Task item: Whenever an image turns up, omit it and return the remaining data exactly.

--- START ---

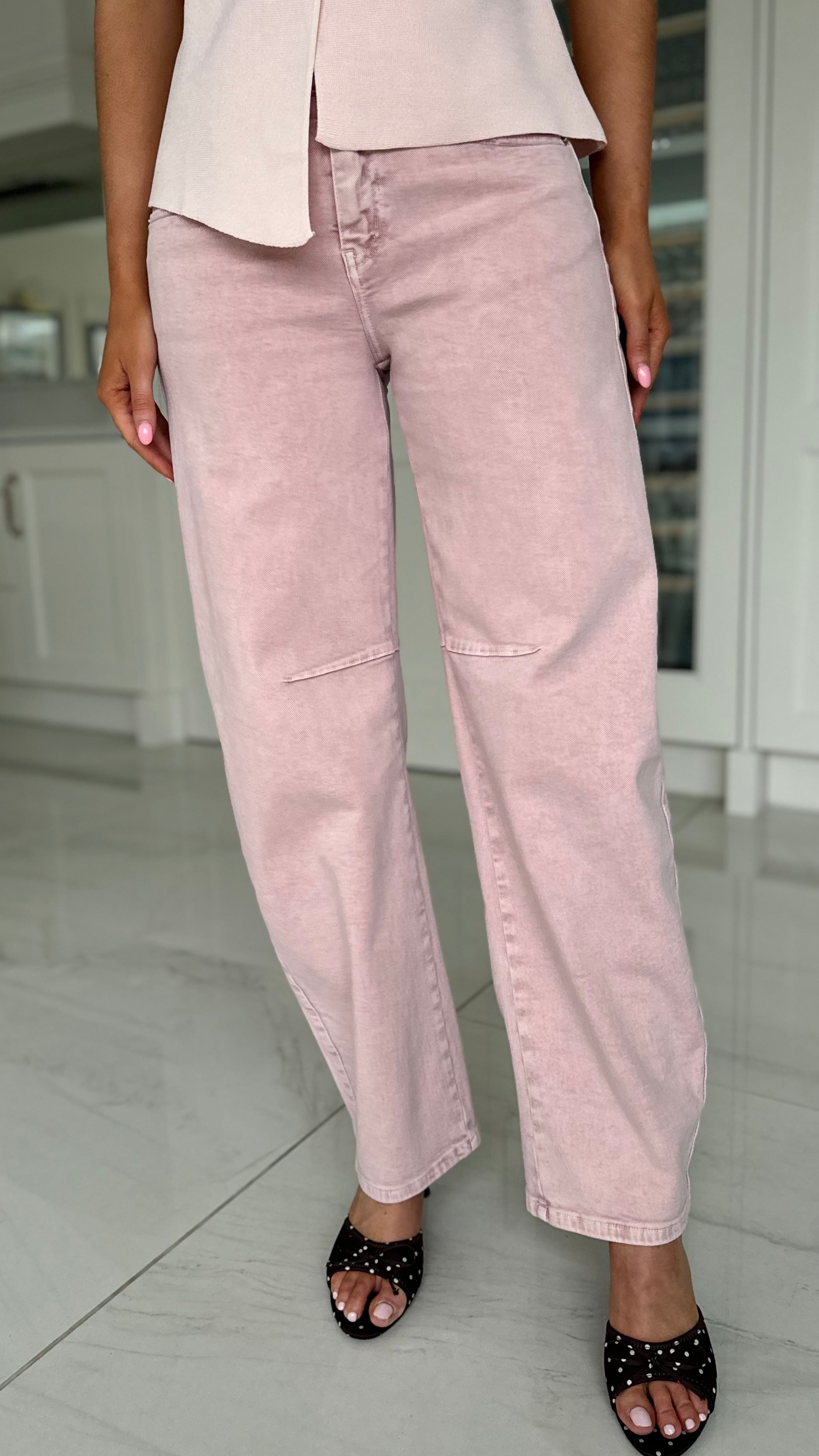 Dina Pink Mid-Rise Barrel Jeans combine a relaxed, contemporary silhouette with practical everyday functionality. The barrel leg offers a modern, comfortable fit that works effortlessly with trainers or heels. Detailed with front and back pockets for secure storage and belt loops for styling versatility, these jeans deliver both form and function. The mid-rise cut flatters and sits comfortably at the waist. Perfect for building a capsule wardrobe with pieces that transition seamlessly from day to night.
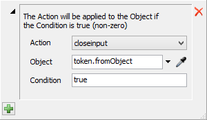 - Click the arrow next to the Object box to open a menu. Select token.labelName. In this box, change labelName to fromObject. This setting will make a dynamic reference to the object listed in the token's fromObject label. (This label assigns the current processor to this property. See Step 4 of Tutorial 1.1 as a reminder.) In other words, the incoming port from the current processor will be closed.
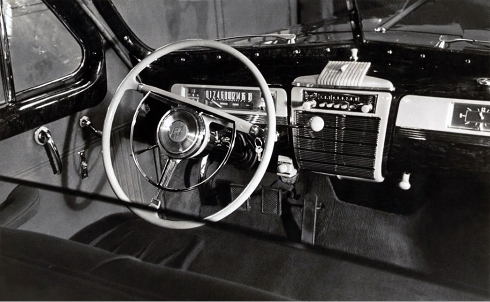 Хотя первостепенен был комфорт пассажира, рабочее место шофёра тоже сделали вполне эргономичным для 1940-х. Рычаг переключения механической коробки передач впервые в отечественном автомобилестроении разместили на рулевой колонке. Несмотря на отсутствие усилителя руля, управление машиной не утомляло. Пассажирский салон отличался просторностью — даже человек выше среднего роста может спокойно вытянуть ноги и удобно расположиться на заднем диване. Помимо ламп индивидуальной подсветки, в распоряжении задних пассажиров были индивидуальные пепельницы. В салоне также предусмотрено два раскладных сиденья, страпонтена. Они предназначались для пассажиров статусом ниже и не отличались большим удобством использования. Все стеклоподъёмники электрогидравлические — такое решение сделало их работу практически бесшумной. Помимо часов в передней части салона, по желанию заказчика свои часы могли быть и в салоне для пассажиров. Сам пассажирский салон отделялся от водительской части стеклянной перегородкой, которую при необходимости можно было опустить. Автомобиль снабжался радиоприёмником модели А-695 с двумя громкоговорителями: у водителя, и у задних пассажиров. Подсветка шкалы радиоприёмника менялась в зависимости от выбранного тембра: голубой (музыка), белый (пение), красный (речь).
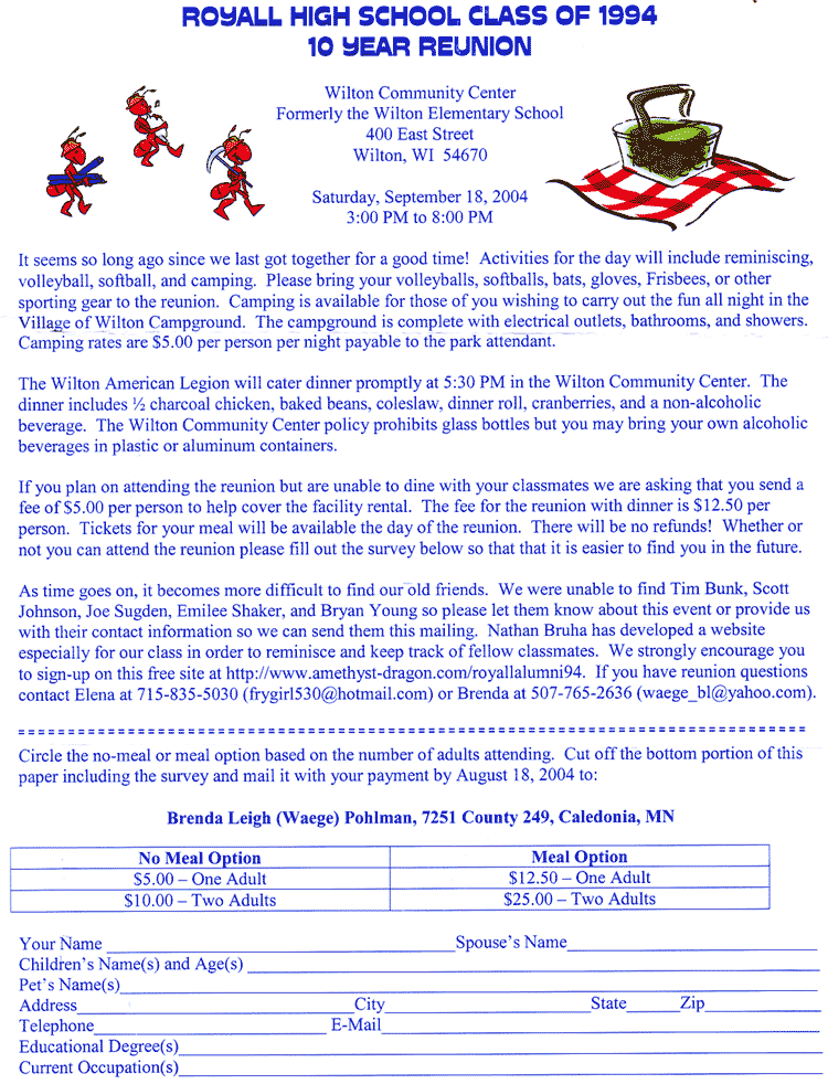 ![]() Home | Alumni News | Alumni Bios | Submit Your Info | Alumni Locations | Contact Alumni | Forum Alumni News Check back here periodically for news from and for the Class of 94! December 23, 2009 Added Facebook profile links on the Bios page. For those on Facebook, a group has been created just for members of our class. August 18, 2009 15 Year Class Reunion is planned for September 26, 2009. You can find out more by reading a copy of the reunion letter. For those on Facebook, a group has been created just for members of our class. May 28, 2006 Nathan Bruha has another son now. His name is Liam Patrick. September 22, 2004 Greg Heilman went ahead and arranged an "unofficial" reunion at the Kendall park. A bunch of people met there yesterday and pretty much just used the time to talk, eat, drink, play a few games, and just generally catch up. Those there were: Nathan Bruha (me), Greg Heilman, Brad Kammin, Nate Calkins, Darrin Hansen, Brandon Doll, Kendra Wolfgram, Patrick O'Rourke, Ann Peterson (Bunk), Kelly Joyce (Vitcenda), Jennifer Gruen (Martin), Jenny Wohlrab (Lunde), Kari Heilman (Houzner), Laura Rueckheim (Leis), Stephanie O'Gara (sorry Steph, I already forgot your newer last name), Tommy Rafajko, and Eric Clark. There were also a few spouses/significant others there, too (with appearances by several offspring). During my trip up I also got to meet and talk with Tanya Wildman (Green), Elena Hansen (Fry), and Brenda Pohlman (Waege). Overall, everyone has changed in appearance (except for Jennifer Gruen) since high school. Kendra gets my award for the most changed. Many of us have one or more kids, several are working on them (Kari, Jenny). Who knows if the next reunion/get together will be in 5 or 10 years, but most will probably be another "unofficial" one that doesn't come out of our class treasury. Either way, I plan on being there to see what happens after a few more years of life have changed us all. September 2, 2004 The official 10 year class reunion has been cancelled due to lack of sufficient numbers to cover the expenses. Several of us from out of state will still be there, and I (Nathan) am working on arranging a get together for those that would have been there anyway. For more information, you can email me at nathan@amethyst-dragon.com. June 17, 2004 The Class of 94's 10 year class reunion is scheduled for Saturday, September 18th, 2004 starting at 3:00 pm. It will be held at the Wilton Community Center (formerly the Wilton Elementary School). There will be plenty of space for volleyball, softball, and other activities. Classmates will be able to camp out right in the park if they want. Please send in your reservations for the reunion as soon as possible before August 31st. Since only a few people have responded so far, the reunion may be cancelled. More details will be posted here as they are worked out. A copy of the letter sent out to the alumni in mid-July can be found here. March 20, 2004 Elena Fry has gotten married. Congratulations! August 14, 2003 Nathan Bruha has a son now. His name is Connor Gregory, and he's quite a personality! January 6, 2003 Elena Fry has gotten engaged to a firefighter. They'll be getting married in March of 2004. Best of luck to them both. December 5, 2002 Nathan Bruha and his wife are pregnant. They plan on having their first child in early August. November 30, 2002 Brenda Waege got married on November 30th of this year in Caledonia, MN. Best wishes go out to her and her husband. December 5, 2001 The first emails and letters about this site go out. Search engines like Yahoo! should start listing us soon. June 24, 2001 The Class of 94 Alumni web site goes online! You can use it to leave information about yourself and find information about your classmates from Royall. For current information about Royall, you can click here to visit the official school district site. Home | Alumni News | Alumni Bios | Submit Your Info Alumni Locations | Contact Alumni | Forum © 2001 - 2009 Nathan Bruha. All rights reserved. |
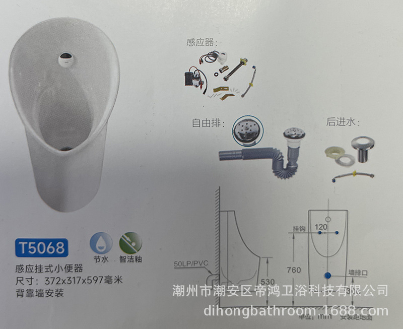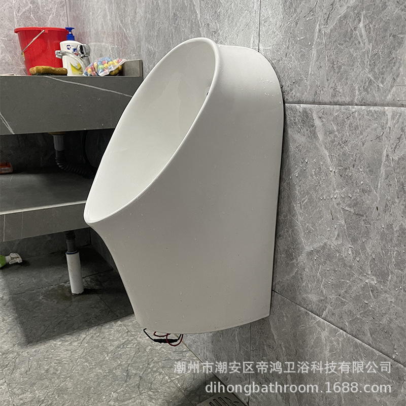 Urinal keramik kamar mandi pria, gaya baru sensor cerdas terintegrasi urinal pemasangan dinding
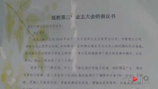 北京市均豪物业有限公司重庆分公司,没有接受记者采访。不过,在小区各个张贴栏都有他们张贴的文件,题为《抵制第三次业主大会的倡议书》。
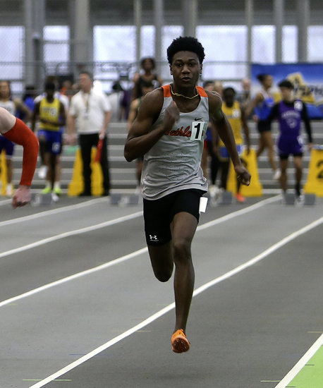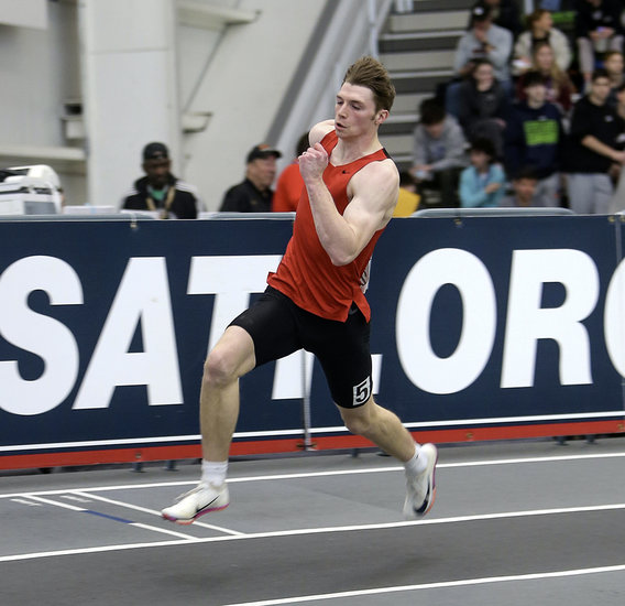 Hard sprint: Bulldogs’ Kole Irwin comes down the track at full speed as he battles seven other runners in the 55-meter dash final. Irwin finished fifth in the state and federation with a time of 6.41 seconds.
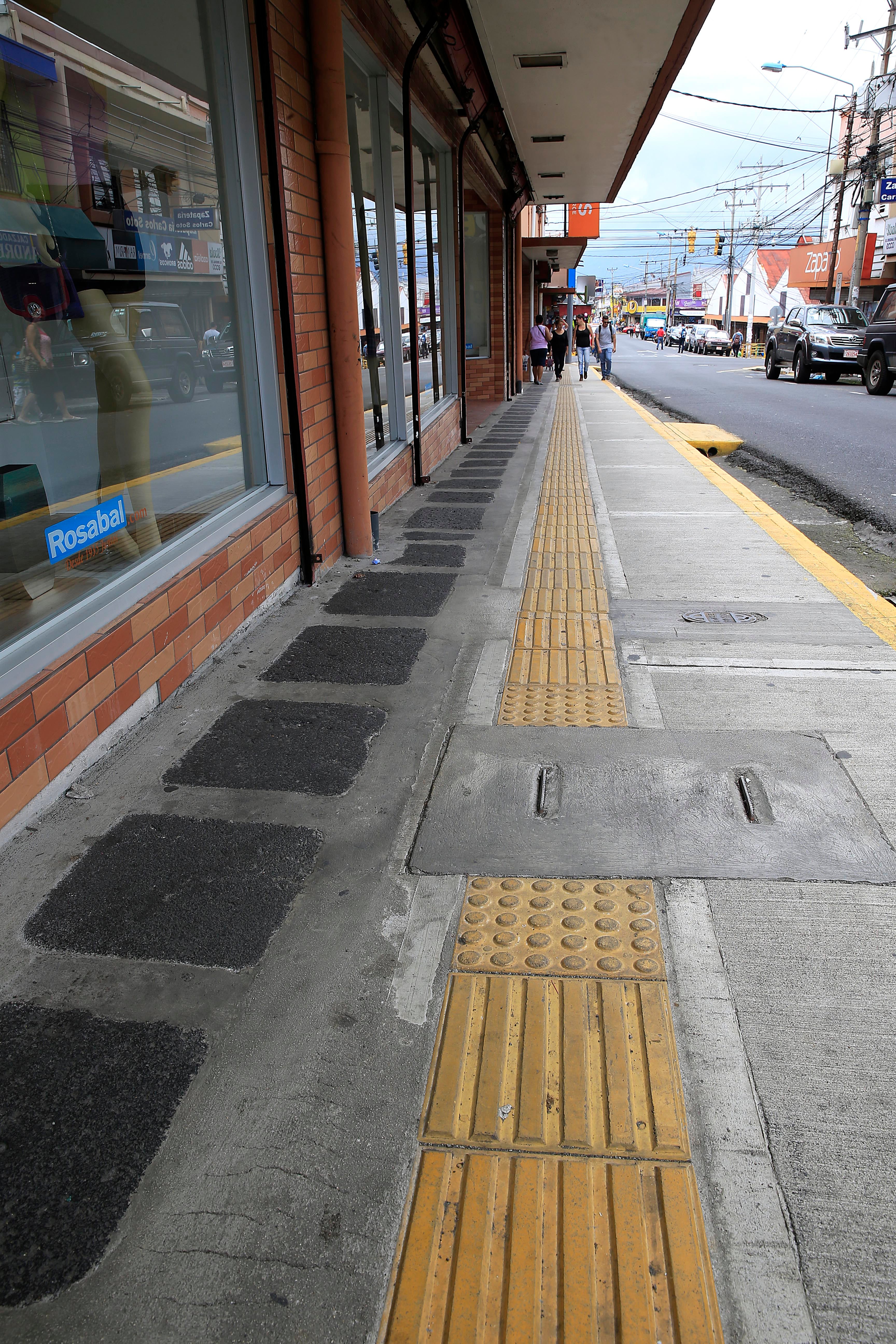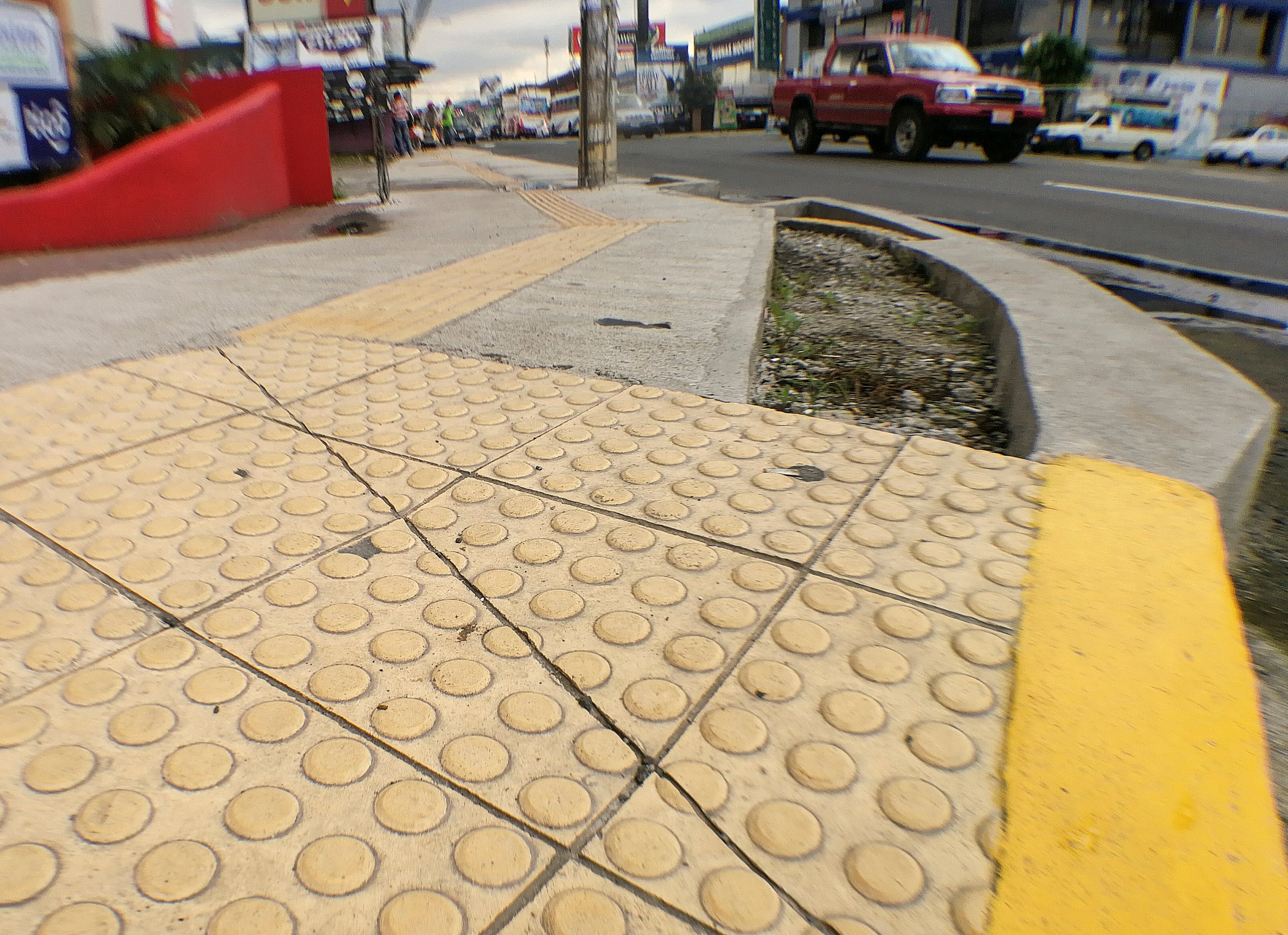 Poco a poco y con proyectos independientes, pero que coincidieron en el tiempo, municipalidades como las de Heredia, San José, Alajuela y Montes de Oca avanzan en la instalación de esas losetas que sirven como guía para los peatones con discapacidad visual.
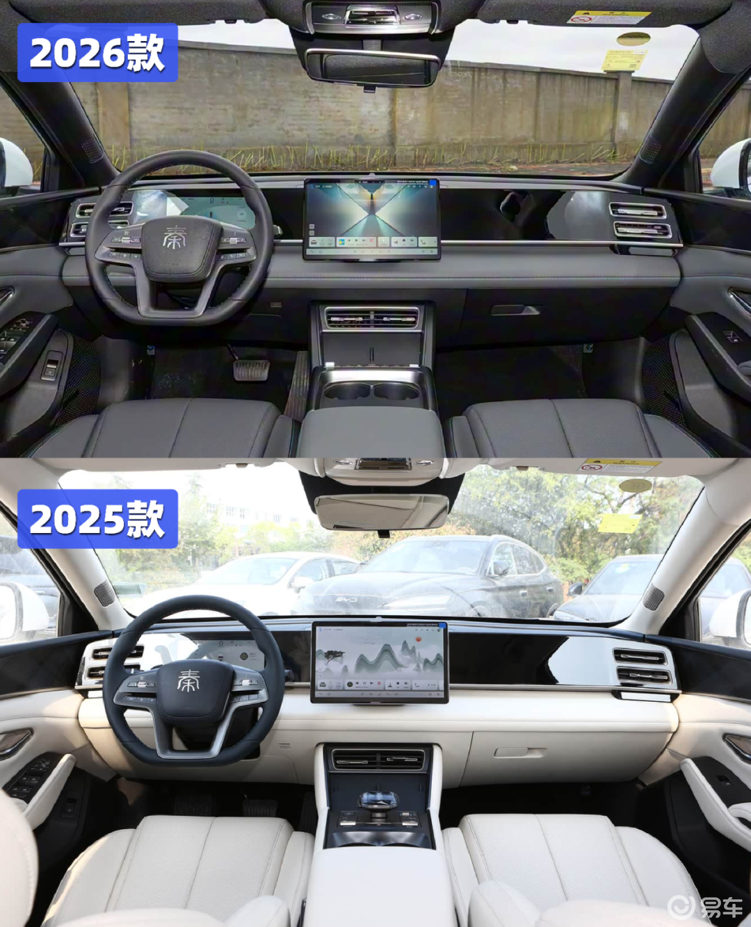 在车内,2026款宋L DM-i也例行升级了怀挡布局,并且还增加了冷暖冰箱以及座椅按摩等配置。

--- END ---

Task answer:
 Dina Pink Mid-Rise Barrel Jeans combine a relaxed, contemporary silhouette with practical everyday functionality. The barrel leg offers a modern, comfortable fit that works effortlessly with trainers or heels. Detailed with front and back pockets for secure storage and belt loops for styling versatility, these jeans deliver both form and function. The mid-rise cut flatters and sits comfortably at the waist. Perfect for building a capsule wardrobe with pieces that transition seamlessly from day to night.
 - Click the arrow next to the Object box to open a menu. Select token.labelName. In this box, change labelName to fromObject. This setting will make a dynamic reference to the object listed in the token's fromObject label. (This label assigns the current processor to this property. See Step 4 of Tutorial 1.1 as a reminder.) In other words, the incoming port from the current processor will be closed.
 Хотя первостепенен был комфорт пассажира, рабочее место шофёра тоже сделали вполне эргономичным для 1940-х. Рычаг переключения механической коробки передач впервые в отечественном автомобилестроении разместили на рулевой колонке. Несмотря на отсутствие усилителя руля, управление машиной не утомляло. Пассажирский салон отличался просторностью — даже человек выше среднего роста может спокойно вытянуть ноги и удобно расположиться на заднем диване. Помимо ламп индивидуальной подсветки, в распоряжении задних пассажиров были индивидуальные пепельницы. В салоне также предусмотрено два раскладных сиденья, страпонтена. Они предназначались для пассажиров статусом ниже и не отличались большим удобством использования. Все стеклоподъёмники электрогидравлические — такое решение сделало их работу практически бесшумной. Помимо часов в передней части салона, по желанию заказчика свои часы могли быть и в салоне для пассажиров. Сам пассажирский салон отделялся от водительской части стеклянной перегородкой, которую при необходимости можно было опустить. Автомобиль снабжался радиоприёмником модели А-695 с двумя громкоговорителями: у водителя, и у задних пассажиров. Подсветка шкалы радиоприёмника менялась в зависимости от выбранного тембра: голубой (музыка), белый (пение), красный (речь).
 ![]() Home | Alumni News | Alumni Bios | Submit Your Info | Alumni Locations | Contact Alumni | Forum Alumni News Check back here periodically for news from and for the Class of 94! December 23, 2009 Added Facebook profile links on the Bios page. For those on Facebook, a group has been created just for members of our class. August 18, 2009 15 Year Class Reunion is planned for September 26, 2009. You can find out more by reading a copy of the reunion letter. For those on Facebook, a group has been created just for members of our class. May 28, 2006 Nathan Bruha has another son now. His name is Liam Patrick. September 22, 2004 Greg Heilman went ahead and arranged an "unofficial" reunion at the Kendall park. A bunch of people met there yesterday and pretty much just used the time to talk, eat, drink, play a few games, and just generally catch up. Those there were: Nathan Bruha (me), Greg Heilman, Brad Kammin, Nate Calkins, Darrin Hansen, Brandon Doll, Kendra Wolfgram, Patrick O'Rourke, Ann Peterson (Bunk), Kelly Joyce (Vitcenda), Jennifer Gruen (Martin), Jenny Wohlrab (Lunde), Kari Heilman (Houzner), Laura Rueckheim (Leis), Stephanie O'Gara (sorry Steph, I already forgot your newer last name), Tommy Rafajko, and Eric Clark. There were also a few spouses/significant others there, too (with appearances by several offspring). During my trip up I also got to meet and talk with Tanya Wildman (Green), Elena Hansen (Fry), and Brenda Pohlman (Waege). Overall, everyone has changed in appearance (except for Jennifer Gruen) since high school. Kendra gets my award for the most changed. Many of us have one or more kids, several are working on them (Kari, Jenny). Who knows if the next reunion/get together will be in 5 or 10 years, but most will probably be another "unofficial" one that doesn't come out of our class treasury. Either way, I plan on being there to see what happens after a few more years of life have changed us all. September 2, 2004 The official 10 year class reunion has been cancelled due to lack of sufficient numbers to cover the expenses. Several of us from out of state will still be there, and I (Nathan) am working on arranging a get together for those that would have been there anyway. For more information, you can email me at nathan@amethyst-dragon.com. June 17, 2004 The Class of 94's 10 year class reunion is scheduled for Saturday, September 18th, 2004 starting at 3:00 pm. It will be held at the Wilton Community Center (formerly the Wilton Elementary School). There will be plenty of space for volleyball, softball, and other activities. Classmates will be able to camp out right in the park if they want. Please send in your reservations for the reunion as soon as possible before August 31st. Since only a few people have responded so far, the reunion may be cancelled. More details will be posted here as they are worked out. A copy of the letter sent out to the alumni in mid-July can be found here. March 20, 2004 Elena Fry has gotten married. Congratulations! August 14, 2003 Nathan Bruha has a son now. His name is Connor Gregory, and he's quite a personality! January 6, 2003 Elena Fry has gotten engaged to a firefighter. They'll be getting married in March of 2004. Best of luck to them both. December 5, 2002 Nathan Bruha and his wife are pregnant. They plan on having their first child in early August. November 30, 2002 Brenda Waege got married on November 30th of this year in Caledonia, MN. Best wishes go out to her and her husband. December 5, 2001 The first emails and letters about this site go out. Search engines like Yahoo! should start listing us soon. June 24, 2001 The Class of 94 Alumni web site goes online! You can use it to leave information about yourself and find information about your classmates from Royall. For current information about Royall, you can click here to visit the official school district site. Home | Alumni News | Alumni Bios | Submit Your Info Alumni Locations | Contact Alumni | Forum © 2001 - 2009 Nathan Bruha. All rights reserved. |
 Urinal keramik kamar mandi pria, gaya baru sensor cerdas terintegrasi urinal pemasangan dinding
 北京市均豪物业有限公司重庆分公司,没有接受记者采访。不过,在小区各个张贴栏都有他们张贴的文件,题为《抵制第三次业主大会的倡议书》。
 Hard sprint: Bulldogs’ Kole Irwin comes down the track at full speed as he battles seven other runners in the 55-meter dash final. Irwin finished fifth in the state and federation with a time of 6.41 seconds.
 Poco a poco y con proyectos independientes, pero que coincidieron en el tiempo, municipalidades como las de Heredia, San José, Alajuela y Montes de Oca avanzan en la instalación de esas losetas que sirven como guía para los peatones con discapacidad visual.
 在车内,2026款宋L DM-i也例行升级了怀挡布局,并且还增加了冷暖冰箱以及座椅按摩等配置。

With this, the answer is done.